Barney Frank: In the Right for Once
I watched some longer segments of Congressman Barney Frank's Tuesday night town hall meeting in Dartmouth, MA and I never thought I would say this but Frank was (okay, deep breath now Brad) right. As I wrote the other day, the town hallers are not lunatics and nut jobs. They are concerned citizens. But then I saw Mr. Frank's town hall and I was reminded that some are still out there nonetheless.
Now, the right wing talk radio crew and even Fox (for whom I do commentary on the business network) has done a crafty bit of editing to make it look like Mr. Frank was rude, dismissive and intellectually condescending to his constituents who "voted him in." But if anyone saw longer clips of the meeting which included not just Frank's answers, but also some of the questions as well as the audience's outbursts, one may come to several conclusions regarding this meeting at least: 1) These people were probably among the few in his district who did not cast their vote for him; 2) there were indeed a few crackpots and zealots in mix; 3) Frank was absolutely correct in the way he dealt with many of the questions, and gave them the level of respect they deserved.
Here is one example being touted in anti-Frank circles as an example of his arrogance. I give it to you now with the question attached:
Constituent: "Why do you continue to support a Nazi policy [on healthcare] as Obama has expressly supported this policy? Why are you supporting it?"
Frank: "When you ask me this question I am going to revert to my ethnic heritage and answer your question with a question: 'On what planet do you spend most of your time? You want me to answer your question, and you stand there with a picture of the President defaced to look like Hitler [woman proudly holds up said defaced picture] and compare the effort to increase healthcare to the Nazis. My answer to you as I said before is it is a tribute to the First Amendment that this kind of vile contemptible nonsense is so freely propagated. Ma'am, trying to have a conversation with you would be like trying to argue with a dining room table. I have no interest in doing it."
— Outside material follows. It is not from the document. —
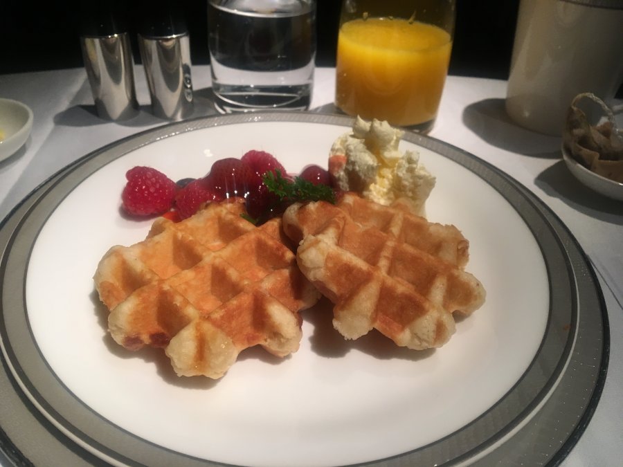 Jag sov lite halvrisigt under natten. Sängen är inte speciellt mjuk och skarvarna i den utfällbara stolen känns ganska tydligt. Dessutom var det ganska mycket turbulens under natten vilket gjorde att jag vaknade stup i kvarten och utrop om säkerhetsbälte på var frekvent återkommande.

Good for him. Just imagine this is a Republican congressman debating a woman holding up a picture of George Bush with a Hitler mustache denouncing the Iraq war and calling it a Nazi-like act of aggression? Comparing Bush's liberation of Iraq with Operation Barbarossa for example is as ludicrous a moral nexus as comparing Obama's healthcare plan to Hitler's systematic extermination of the "untermenchen." As a Jew, Mr. Frank had every right to put that woman who has little historical grounding in her place and I say good for him. Any such comparison, from any loon segment is insulting to the millions of true victims of Nazi atrocities and should be denounced as such.
Now, as I have made clear before I am no fan of Barney Frank. And there were times at the podium when he appeared to be condescending, even though many of the questioners in my mind deserved his indignation -- such as those he rightfully observed could not see the difference between state and federal taxes. But I think the coverage of this was one-sided from talk radio and some of the cable news outlets. It made for good ratings, but it was not the whole truth. And that is not fair to Mr. Frank or the debate as a whole for that matter.
Frank at one point told a woman that she had come to the town hall with preconceived notions and nothing he said was going to change her mind about him or his policies. I think the cable news outlets also had their minds made up about how to play this story before the first question was ever asked.